Reputation: 669
I have 2 dataframes like the following:
df1
colA
A
B
C
D
df2
one two
x A
y A;B
z A;D;C
p E
q F
I want to filter df2 for entries contained in df1. i.e "two" containing values of colA, so that my output will be
one two
x A
y A;B
z A;D;C
I tried all these options that didn't work
df2filtered = df2 %>% filter(two %in% df1$colA)
df2filtered = df2 %>% filter(two %in% str_detect(df1$colA))
df2filtered = df2 %>% select(two, contains(df1$colA))
str_detect
with character works but not when given in df like above. What is the right solution?
Upvotes: 1
Views: 281
Reputation: 4243
Another option using str_detect
. You can collapse df1$colA
so that str_detect
searches for A
or B
or C
or D
. e.g. "A|B|C|D"
.
library(tidyverse)
df2 %>% filter(str_detect(two, paste(df1$colA, collapse = '|')))
#> one two
#> 1 x A
#> 2 y A;B
#> 3 z A;D;C
Upvotes: 0
Reputation: 23757
Your data is not "tidy". I'd reshape it into a long format.

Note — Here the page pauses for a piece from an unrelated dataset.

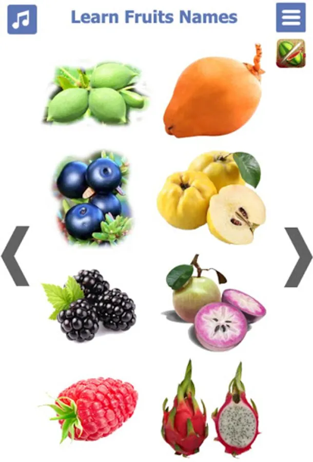 ⭐ You will learn fruits name with picture. You can get five fruits name, 10 fruits name, or 20 fruits name from fruits name list with the right and left scrolls.

Then, filtering becomes easy.
Below an approach which makes use of an non-exported function of the eye package in order to split the column into an unknown number of columns. (disclaimer: I am the author of this package. The function was inspired and modified from this answer). Then pivot the result longer and filter by the presence in df1$colA
. I'd leave the result in a tidy format, but you can of course melt it back to your rather messy shape.
library(tidyverse)
df1 <- read.table(text = "colA
A
B
C
D", header = TRUE)
df2 <- read.table(text = "one two
x A
y A;B
z A;D;C
p E
q F ", header = TRUE)
#install.packages("eye")
eye:::split_mult(df2, "two", pattern = ";" ) %>%
pivot_longer(cols = starts_with("var"), names_to = "var", values_to = "val") %>%
drop_na(val)%>%
select(-var) %>%
group_by(one) %>%
filter(any(val %in% df1$colA))
#> # A tibble: 6 x 2
#> # Groups: one [3]
#> one val
#> <chr> <chr>
#> 1 x A
#> 2 y A
#> 3 y B
#> 4 z A
#> 5 z D
#> 6 z C
Created on 2021-07-14 by the reprex package (v2.0.0)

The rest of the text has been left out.